J.D. Byrider Systems

www.jdbyrider.com
When J.D. Byrider, the nation’s oldest and largest used-car franchise and financing system, suffered the death of its founder and CEO during a flurry of bad publicity about the company’s business model, the entire company suffered a crisis of confidence. Decisive action and a proactive media campaign turned things around.

Headquartered in Carmel, J.D. Byrider was founded in 1989 by James DeVoe. Its mission is to serve customers with special financing needs who are routinely ignored by other dealers, and to ensure that they receive the same quality service in every Byrider dealership. However, two developments challenged the company's ability to continue to grow. First, a series of events in the industry -- including inattentiveness toward customer satisfaction by some Byrider franchisees -- led to media coverage that encouraged misunderstandings and misperceptions about the Byrider business model. Secondly, founder and CEO James DeVoe was killed in a March 2006 aircraft accident. The company faced a crisis of confidence -- among its franchise system and among its own employees.
Byrider went on the offense, taking every media opportunity to explain the truth about its business model and about how it provided important services to people who would otherwise be without the transportation they needed to keep their jobs and to advance in life. The company responded aggressively to misdeeds by franchisees, some of whom lost their right to carry the Byrider name.
The company established close communications with state attorney general offices wherever it did business to ensure that it could respond immediately to any consumer complaint. Byrider expanded and improved its customer service survey system, calling hundreds of customers every day throughout the nation to confirm that it was serving them appropriately. They also launched a new website for consumers that disclosed all customer comments -- positive and negative -- collected by the national daily survey system, enabling public access to information that was previously for internal use only.

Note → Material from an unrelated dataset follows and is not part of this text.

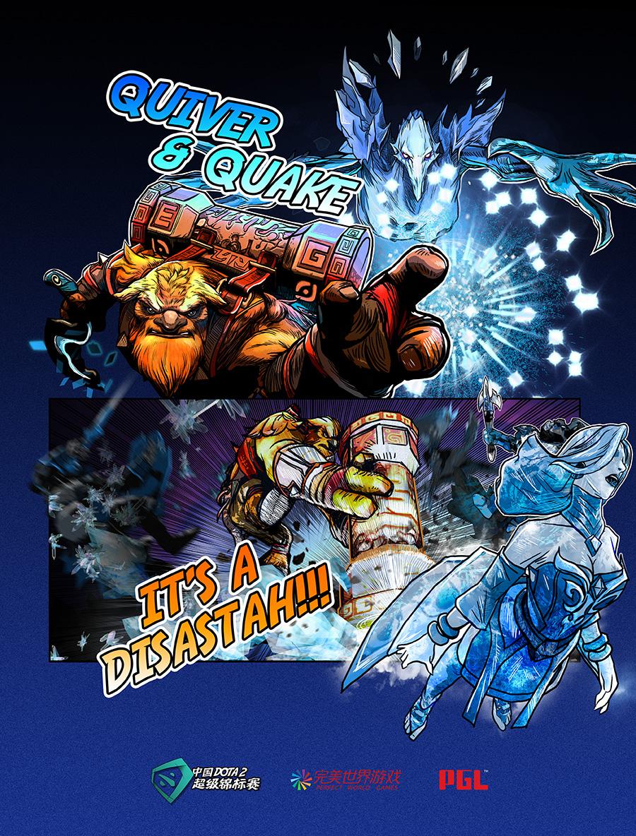 今天的Supermajor系列漫画,展示的就是这一著名瞬间。冰霜旋涡提供视野,冰晶爆轰精准发射,撼地者令大地震颤,也为EG开启了冠军之门。“It’s a disastah!”但TI5,并不是中国战队的灾难。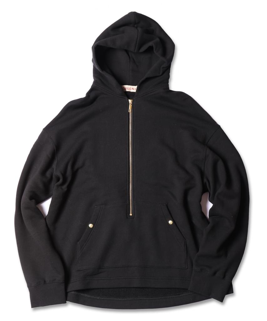 ゴールドのアクセントが目を引くハーフジップパーカー。

Byrider compares itself to Blockbuster, which burst on a video business that was fragmented and lacking in professionalism and changed the paradigm. Byrider is emulating that model in the buy-here, pay-here used-car industry. From the quality of its facilities, to the warranties and maintenance it provides, Byrider seeks to set the gold standard, and wants its customers and others to know it.

Throughout its campaign of self-improvement and "correcting the record," Byrider benefited from newly motivated leadership within its own ranks. The founder's son, James DeVoe Jr., stepped forward to assume his father's position. He successfully assured franchisees, employees, financial institutions and other partners that "Nothing has changed -- it's business as usual at Byrider."
Response was immediate. In the year after Jim DeVoe's death, Byrider licensed more than 30 new locations to existing franchisees -- a confirmation of their faith in the company. Customer satisfaction ratings reached an all-time high. Today, some 700,000 vehicle sales after the founding of the company, daily monitoring of customer satisfaction shows an average rating of 95 percent, there are franchisee- and company-owned J.D. Byrider dealerships in 30 states, and more than 5,000 people -- many of them repeat customers or referrals -- trust Byrider with their business every month.